Gods Temple.
1 Corinthians 3:1-3, 16-17; Romans 12:1-2
Let’s go back about 3000 years. You’re living in Egypt, freshly married, and you and your spouse have heard stories about the God of the people of Israel up in Jerusalem. You heard He confronted Pharaoh to release His people from slavery. You heard that He showed Pharaoh that He is the only true God, the only God worthy to be feared, who shares His throne and glory with no one. He turned the world upside down it seemed like. You’ve heard that this God is not like the other gods that the nations around Israel worship. His people obey Him by worshiping and fearing only Him. His people obey Him by going through their fields at harvest time and leaving the leftovers for the poor and for foreigners temporarily living there so that they can be provided for. His people obey Him by revolving their entire lives around Him. So you two decide to take a trip to the Temple in Jerusalem…. The place where He is said to dwell and His people meet with Him. You enter the city; trying to interact with just one person who won’t treat you like goat poop because they can just smell that you’re not one of them. So you get as close as you are allowed to get within the Temple hoping things might be just as you heard about back home. What you see is just SHOCKING! You turn to your spouse and say, “This is nothing different than what we see back home and in any other place around them…they might even be worse.” And all you can do is laugh at it all. Just laugh and wanna mock those stories you heard back in Egypt. Because these people don’t live as if their God is the God Who wiped out Egypt, they don’t treat the poor and foreigners with dignity and sincerity. You went to Israel, you went to Jerusalem, you went to the Temple and saw that they are no different than the rest of the world!

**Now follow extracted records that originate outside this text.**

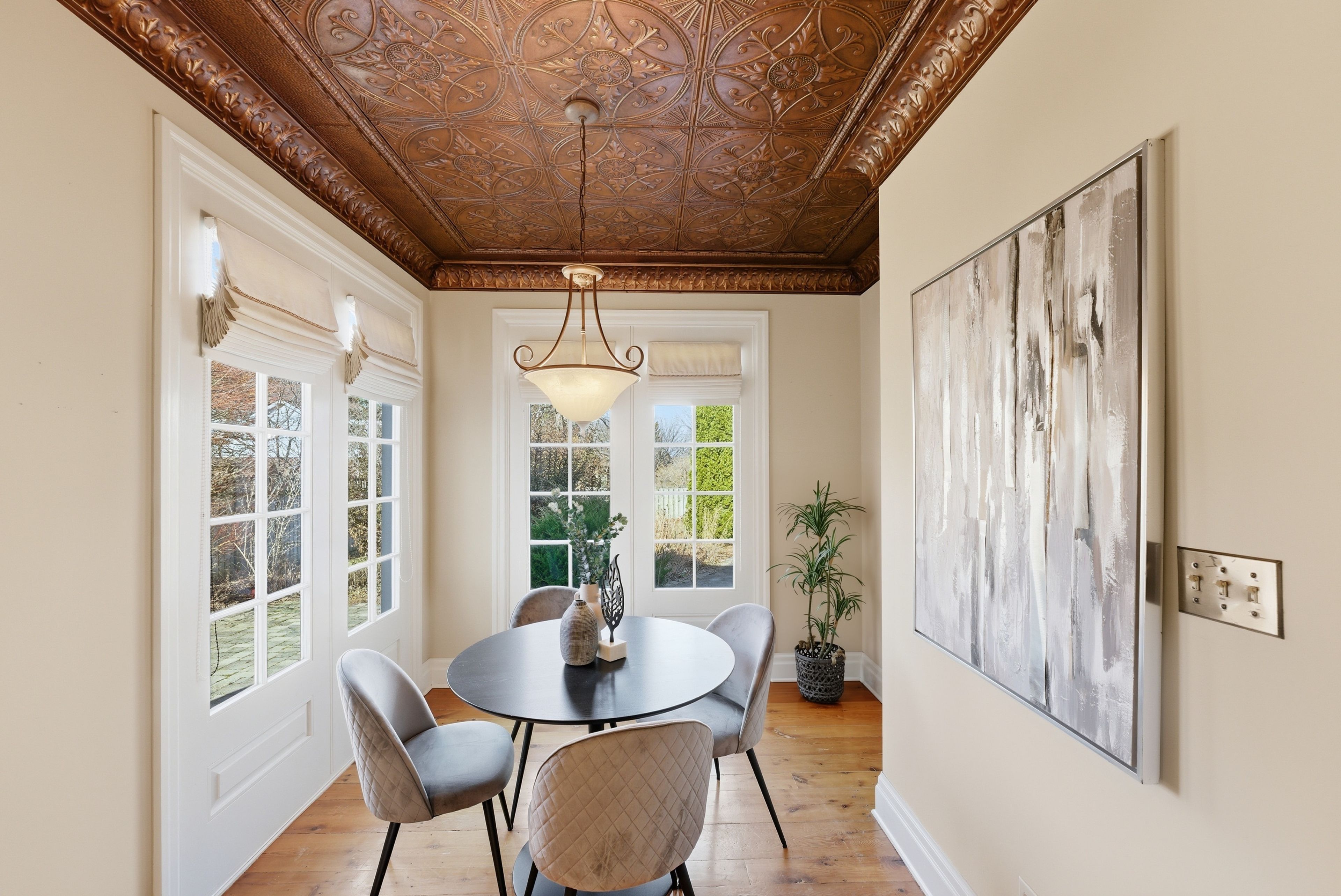 Nestled on a quiet street in the heart of niagara-on-the-lake, this stunning 4-bedroom, 3-bath residence offers approximately 2,925 sq. Ft. Of thoughtfully designed living space, blending timeless character with luxurious finishes. A gorgeous stone wraparound porch welcomes you home. Step inside to a grand foyer featuring an extra-wide staircase and elegant wall sconces. The main floor showcases wide-plank hemlock wood flooring, creating warmth and character. The living room is highlighted by a stone wood-burning fireplace and walkout access to the wraparound porch. The large eat-in dining room offers plenty of room for family gatherings and dinner parties, with additional doors leading directly to the porch. At the heart of the home lies the kitchen. A copper ceiling in the kitchen and breakfast nook creates a dramatic focal point. The breakfast area opens directly onto a stone patio and backyard. Completing the main floor is a convenient 2-piece bath and a versatile bonus room-ideal as a home office, craft room, or potential 5th bedroom. Upstairs, you'll find four generously sized bedrooms, offering large windows and ample closet space. The primary suite serves as a private retreat, featuring a spa-inspired 4-piece ensuite complete with a built-in vanity, soaker tub, and stand-up shower. An additional 4-piece bath provides convenience for family and guests. The finished basement expands the living space with a large recreation room anchored by a second stone fireplace. There is also plenty of additional storage space. Outside, the spacious backyard offers endless possibilities for entertaining, play, or relaxation, with abundant garden space for gardening enthusiasts. A double-wide attached garage and ample driveway. Located in an exceptional niagara-on-the-lake location, this home combines luxury, character, and tranquility, all while being close to the town's renowned wineries, dining, and charming amenities.
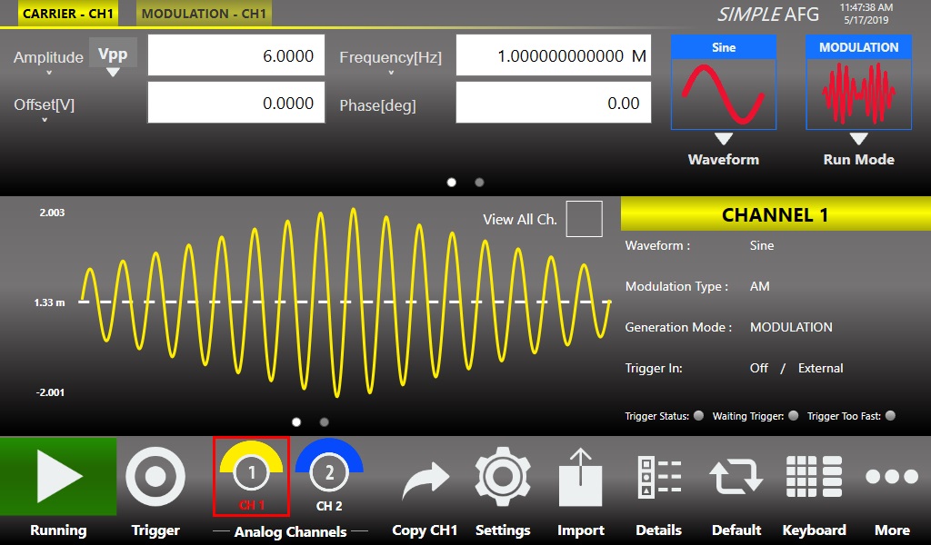 SimpleRider UI został zaprojektowany jako szybki interfejs do narzucenia prostoty w pracy z generatorem sygnału, poprzez optymalizację dzisiejszej nowoczesnej techniki, używanej w tabletach lub smartfonach, pojemnościowego ekranu dotykowego.
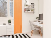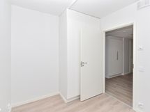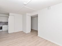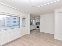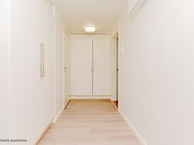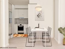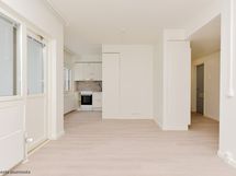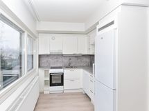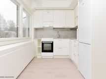 Kodin lattia on vaaleaa tammilaminaattia ja seinät on maalattu valkoisiksi. Olohuoneesta pääsee lasitetulle parvekkeelle. Tehokkaan keittiön kaapistot ovat raikkaan valkoiset ja ylä- ja alakaappien välinen tila sekä työtaso ovat harmaata laminaattia. Varustukseen kuuluu keraaminen liesi, liesikupu, jääkaappipakastin ja astianpesukone. Kodinkoneet ovat valkoisia.
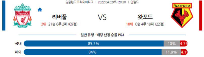 【프리미어리그】 4월 2일 리버풀 vs 왓포드
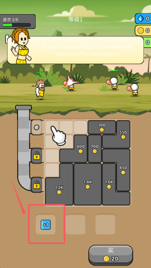 1、收集金币与解锁方块,玩家需要收集金币,解锁不同形状的方块,为合成武器做准备。
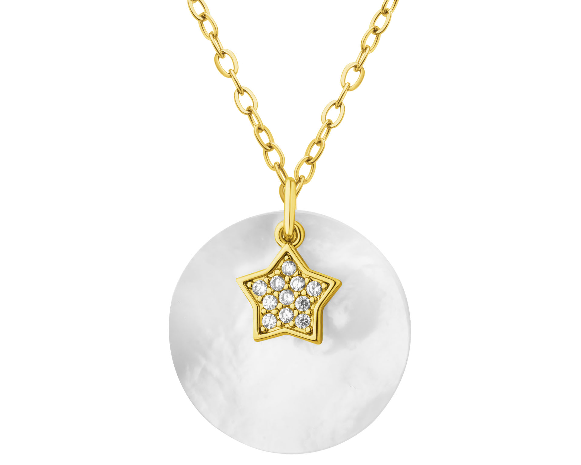 Naszyjnik z mosiądzu pozłacany z cyrkoniami i masą perłową - gwiazda
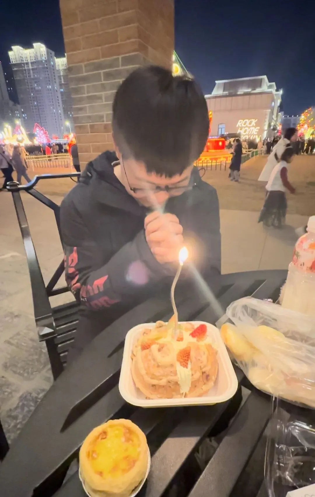 还买了老婆饼和牛舌饼,牛舌饼做的挺好的,它的味道跟稻香村的很像,个头不如稻香村的大。那天晚上特别暖和,走累了,我们坐在正太饭店侧边长廊的桌子旁,向路人借了一个打火机,点燃了蜡烛,给老弟简单补过了一个生日,特别的幸福。之前我对仪式感这件事情有一点抵触,总觉得这是一件耗时耗力的事情。但后来看到有人在网上用鸡蛋当蛋糕,棉签当蜡烛,过生日,就觉得其实仪式感是把自己爱的人放在心里,记得这件事情就行。仪式感不需要花太多的钱,能想到,被人惦记着就是一种幸福。让蜡烛代替所有灯,让音乐代替话语声
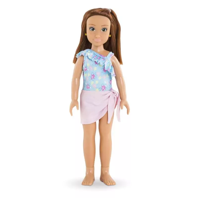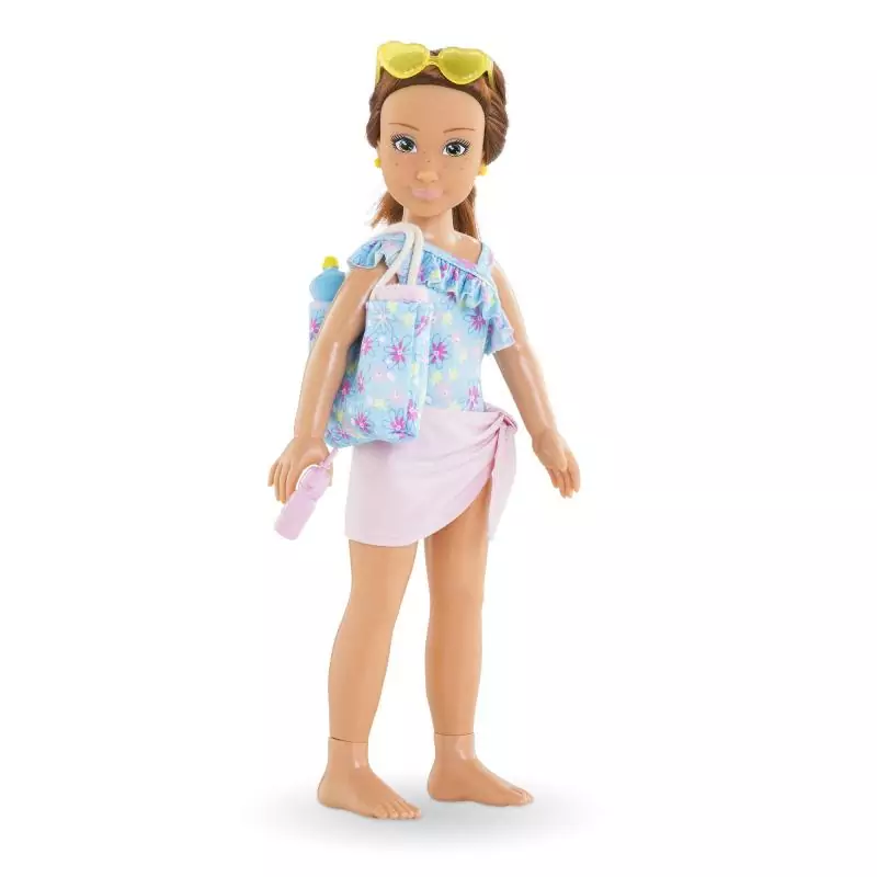 Le coffret Zoé à la plage est composé de Zoé, une poupée mannequin de 28 cm, et de 5 accessoires : 1 crème solaire protectrice, 1 paire de lunettes de soleil, 1 gourde, 1 serviette de plage et 1 sac de plage. Zoé a un joli visage naturel aux traits fins qui sent bon la vanille. Ses yeux sont peints et elle possède des cheveux mi-longs roux. Elle porte 1 joli maillot de bain, 1 paréo assorti et 1 paire de boucles d’oreilles amovibles. Zoé a un corps réaliste de jeune adolescente. Elle tient assise et debout toute seule. Les Corolle Girls sont déclinées en plusieurs modèles et disposent de coffrets dressing pour encore plus de jeux ! Dès 4 ans. Corolle Girls, mes meilleures amies

Which leads to our passage for the night
Background on 1 Corinthians’ letter and the city of Corinth
- Las Vegas on steroids re: morality.
- “Corinthianize” = practicing sexual immorality
- New York City re: business and trades
Read 1 Corinthians 3:1-3, 16-17
I. The Problem (vv. 1-3)
a. They are people of the flesh, infants in Christ, still drinking spiritual milk when they should’ve been eating solid food …of the flesh…of the flesh…and behaving only in a human way.
b. They looked no different than the rest of the world.
1. Throughout 1 Cor. they are self-seeking babies, pastor-worshipers, lawsuit-infested, sex-whores, and spiritual gift abusers.
II. The Temple (vv.16-17)
a. “The Tabernacle represented God’s royal tent. Its form and adornment marked it as a symbolic representation of the created cosmos over which God is sovereign as Creator and Lord…it stood for the center of the cosmos from which the Creator reigns, the place where the heavenly and earthly realms converged.”~NIV Study Bible note on Tabernacle
b. When people wanted to know a god or see their image they’d go to their temple.
c. The world is looking to Christians to see what God looks like and they’re seeing the same thing they anywhere else and God is profaned b/c of that.
d. What do people see when they look to God’s Temple on our campus?
1. Self-seeking babies? Or people who look out for the interests of others?
2. Pastor-worshipers? Or Jesus worshipers?
3. Dealing with issues by crying to our RA? Or mature men and women of God who confront one another in love and humility with rebuke, corrections, encouragement and forgiveness?
4. Reality porn shows? Or people who value purity and recognize that their bodies are not their own and that they were bought with a price?
5. Arrogant spiritual gift abusers? Or people who do not think more than themselves than they ought to but rather in sober judgment recognizing that every good and perfect gift is a GIFT and is from the Lord?
So what now?
III. The Solution (Rom. 12:1-2)
a. What does a living sacrifice look like?
Show Picture from The Passion of the Christ, Gethsemane scene
· This is what a living sacrifice looks like.
· He knew Who He was as God’s Son, why He came, and how it would go down.
· He is the very mercy of God to base our offer of living sacrifice upon.
- He is the Temple that Christians look at to see Who God is as the world looks at Christians to see Who God is.